Friday, October 14, 2011

Inspiration Friday: A Poem by One of the Great Masters


When I have seen by Time's fell hand defaced
The rich proud cost of outworn buried age;
When sometime lofty towers I see down-razed
And brass eternal slave to mortal rage;
When I have seen the hungry ocean gain
Advantage on the kingdom of the shore,
And the firm soil win of the watery main,
Increasing store with loss and loss with store;
When I have seen such interchange of state,
Or state itself confounded to decay;
Ruin hath taught me thus to ruminate,
That Time will come and take my love away.
           This thought is as a death, which cannot choose
           But weep to have that which it fears to lose.
-        
                                - Shakespeare, Sonnet 64



And now a bit of a ramble…

Although most people who have taken English classes know (or at least know of) Shakespeare’ssonnet 18 and 116, I firmly believe that most students do not want to study the Bard’s work (or even bother to read it) because they have been told that ‘it is too difficult’ (Not to mention ‘so not cool’ to like it).

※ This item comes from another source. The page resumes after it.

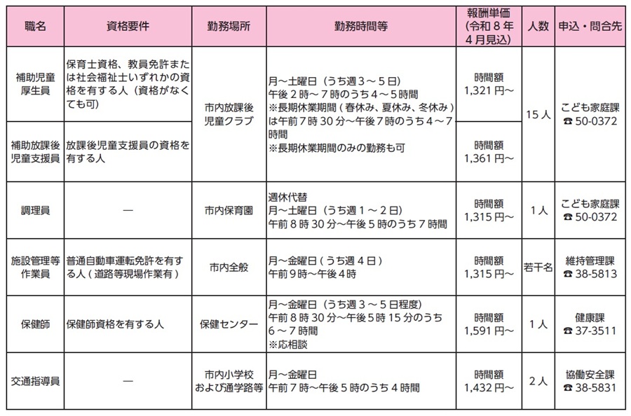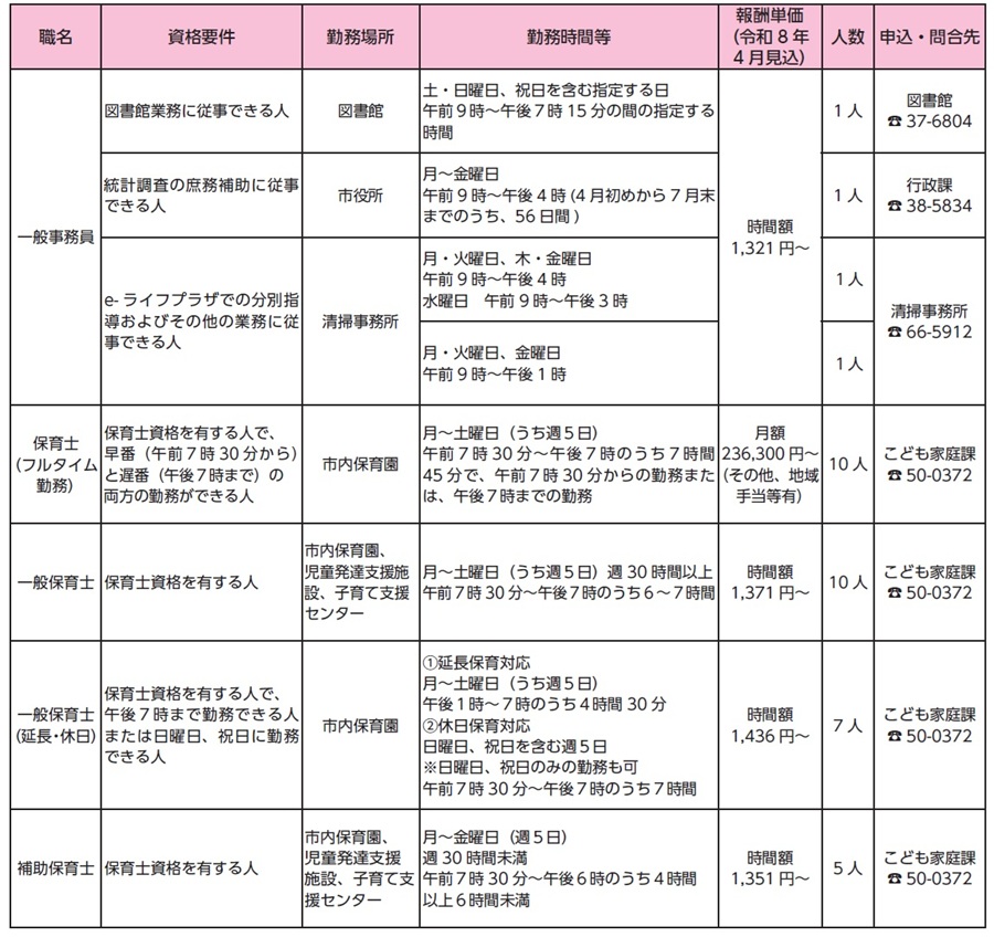 ・市ホームページに掲載されている「岩倉市会計年度任用職員応募申込書」に「履歴書」(市販でも可)を添えて、1月16日(金)〔必着〕までに以下の「申込・問合先」の部署へ郵送するか、直接窓口へ提出してください。
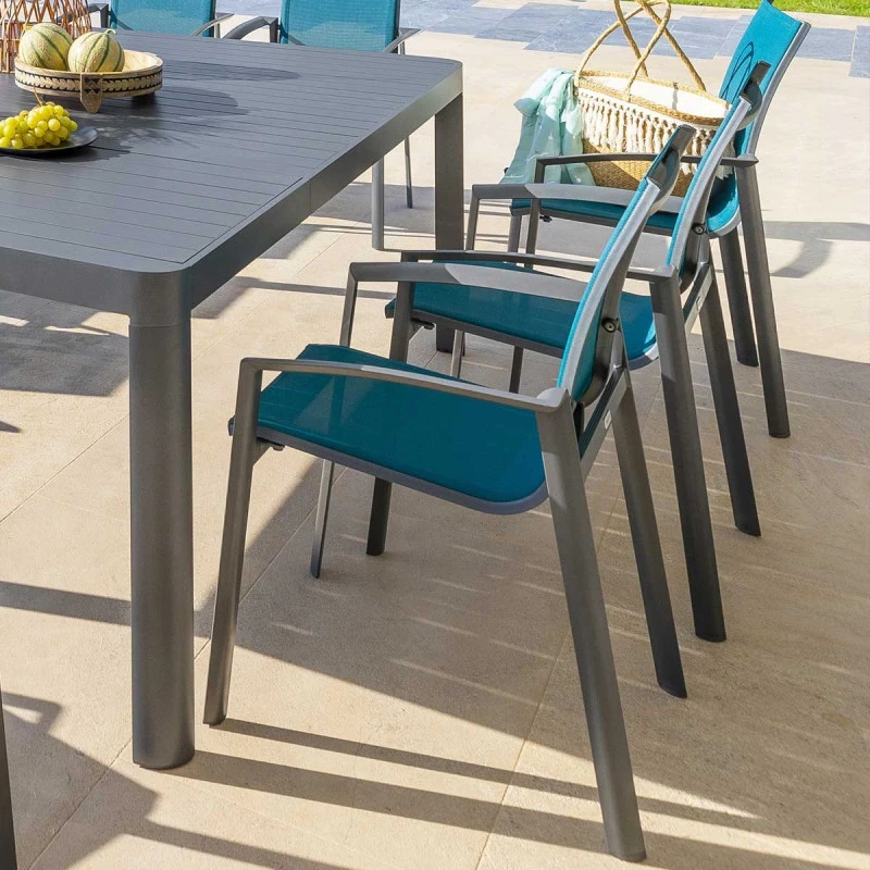 Pour des repas en plein air, installez vous confortablement dans un fauteuil extérieur Axant coloris bleu canard/graphite de la marque Hespéride.

I am very thankful for a mother who loved Shakespeare, told my sister and me the stories, and recited parts of the plays and sonnets. We both also received the Wordsworth edition of Shakespeare’s complete works (the grandest books I owned at that time; three hardback volumes in a slipcase). This was also a time when I really started to realise that most of what I was reading was considered ‘too difficult’ for my age (about 13) by some teachers and other adults. Classics like 20,000 Leagues Under the Sea, Dickens, or Roald Dahl’s short stories and even The Neverending Story.

My point is not ‘give children a pile of thick books to read’ – although that is not really a bad thing. My point is children (or even teenagers) should not be told that something is ‘too difficult for them’ without even letting them try. Not to place that mental block there before they’ve had a chance to decide for themselves. Some books are not age appropriate, yes. But to base ‘too difficult for them to read’ simply on a book that looks ‘too thick’ or one containing words you have to look up in a dictionary is completely silly.